[DATA FOR ANALYSIS — start]
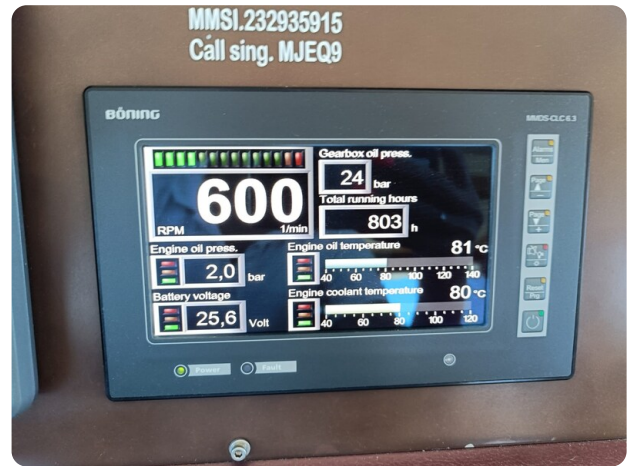
Dolphin 51 engine hours 29-08-24
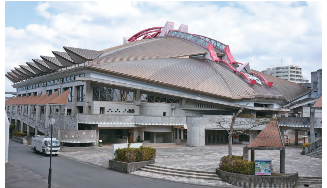
アリーナ棟の外観
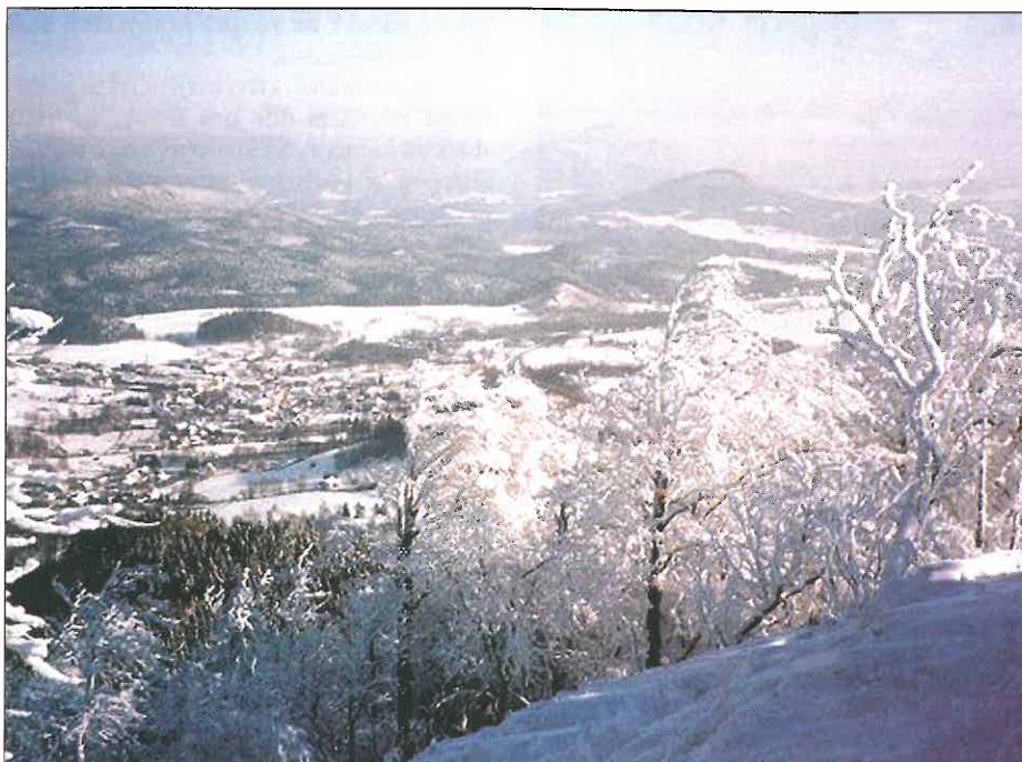
Krajina o vánocích v Lužických horách patří k nejkrásnějším.
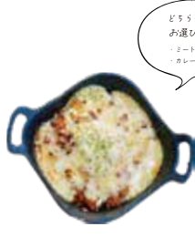
自家製ミートドリア・カレードリア "Meat Doria" or "Curry Doria"
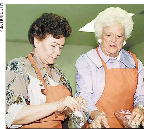
Июнь 1992-го. Супруги президентов России и США Наина Ельцина и Барбара Буш во время приготовления обеда на кухне приюта для детей-сирот (во время визита в США)
[DATA FOR ANALYSIS — finish]
If an entry above contains a picture, leave that picture out and copy everything else exactly.

Dolphin 51 engine hours 29-08-24
アリーナ棟の外観
Krajina o vánocích v Lužických horách patří k nejkrásnějším.
自家製ミートドリア・カレードリア "Meat Doria" or "Curry Doria"
Июнь 1992-го. Супруги президентов России и США Наина Ельцина и Барбара Буш во время приготовления обеда на кухне приюта для детей-сирот (во время визита в США)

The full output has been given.